Bainbridge originally laid out this argument in his 2013 article, The Geography of Revlon-Land”, and summarizes it in the blog.  In essence, he points to the third prong of the Revlon test identified in the Delaware Supreme Court’s 1994 decision in Arnold v. Society for Savings, which says that “there is no sale or change in control when “[c]ontrol of both [companies] remain[s] in a large, fluid, changeable and changing market.”  The change in control test articulated in Arnold makes no mention of a requirement for a stock-for-stock deal, and Bainbridge says that the Chancery Court simply made one up. Here’s an excerpt:

In a series of cases, the Delaware Chancery court invented a fourth trigger:

In transactions, such as the present one, that involve merger consideration that is a mix of cash and stock—the stock portion being stock of an acquirer whose shares are held in a large, fluid market—”[t]he [Delaware] Supreme Court has not set out a black line rule explaining what percentage of the consideration can be cash without triggering Revlon.
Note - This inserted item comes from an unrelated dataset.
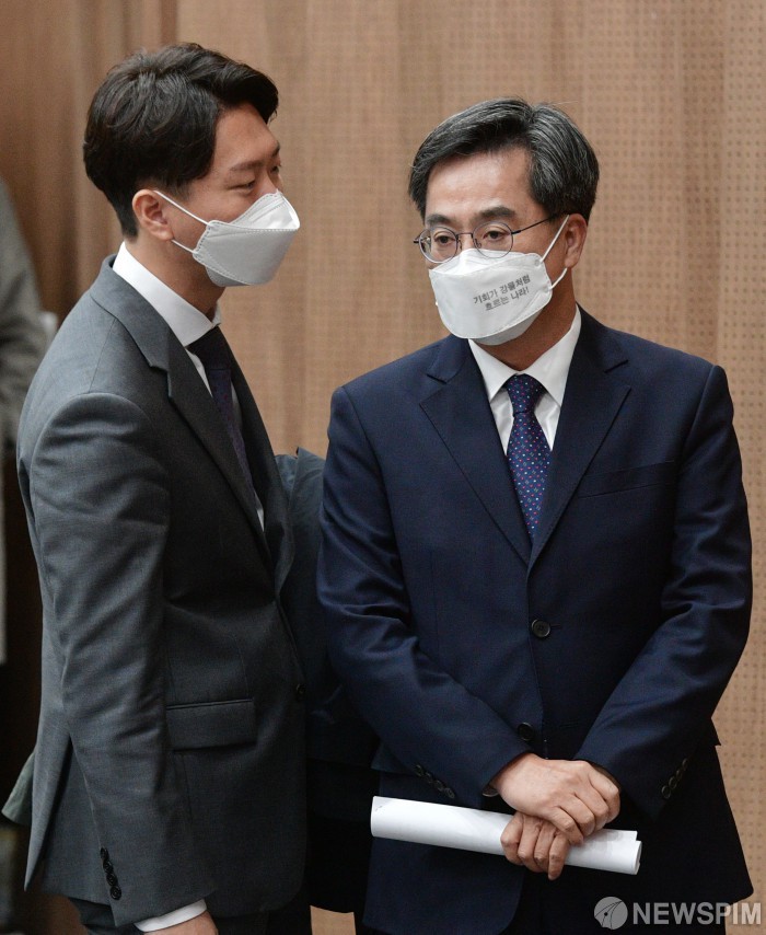[서울=뉴스핌] 이형석 기자 = 김동연 대선 예비 후보가 9일 국회 소통관에서 '2호 공약(미래대비 1호)' 발표를 하기 전 캠프 관계자에게 보고를 받고 있다. 2021.11.09 leehs@newspim.com
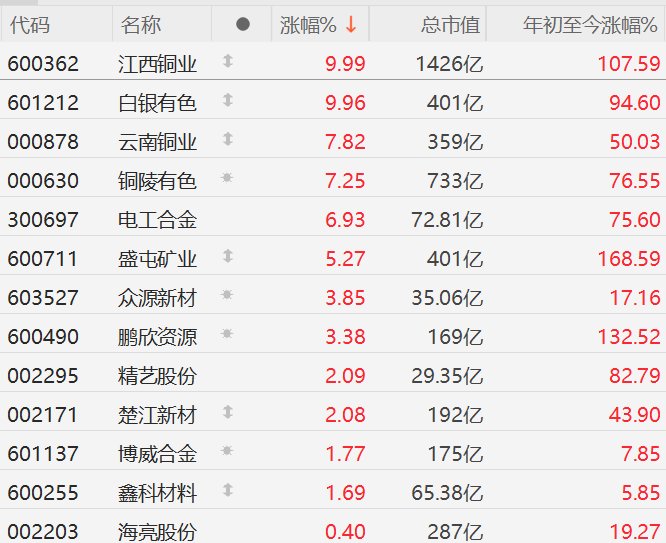 LME铜价创纪录新高,铜概念股走强,江西铜业、白银有色涨停

In re NYMEX Shareholder Litig., 2009 WL 3206051 at *5 (Del. Ch. 2009).

In Flannery, VC Slights embraced the NYMEX line of cases clearly erroneous approach to all cash deals:

In an all-cash transaction, Revlon applies “because there is no tomorrow for the corporation’s present stockholders.”

NYMEX and progeny were clearly inconsistent with Arnold. They posit that a mix of cash and stock triggers Revlon, but Arnold’s clear implication is that an acquisition by a publicly held corporation with no controlling shareholder that results in the combined corporate entity being owned by dispersed shareholders in the proverbial “large, fluid, changeable and changing market” does not trigger Revlon whether the deal is structured as all stock, all cash, or somewhere in the middle. The form of consideration is simply irrelevant.

I think this is an intriguing argument. But I don’t think I’d advise a seller’s board that they could safely rely on the view that it’s possible to do an all cash deal without triggering Revlon. The Chancery may have gone off the rails in NYMEX, but however wrong-headed its doctrinal origins may be, the notion that the majority of the consideration must be in stock in order to avoid Revlon is pretty deeply embedded at this point.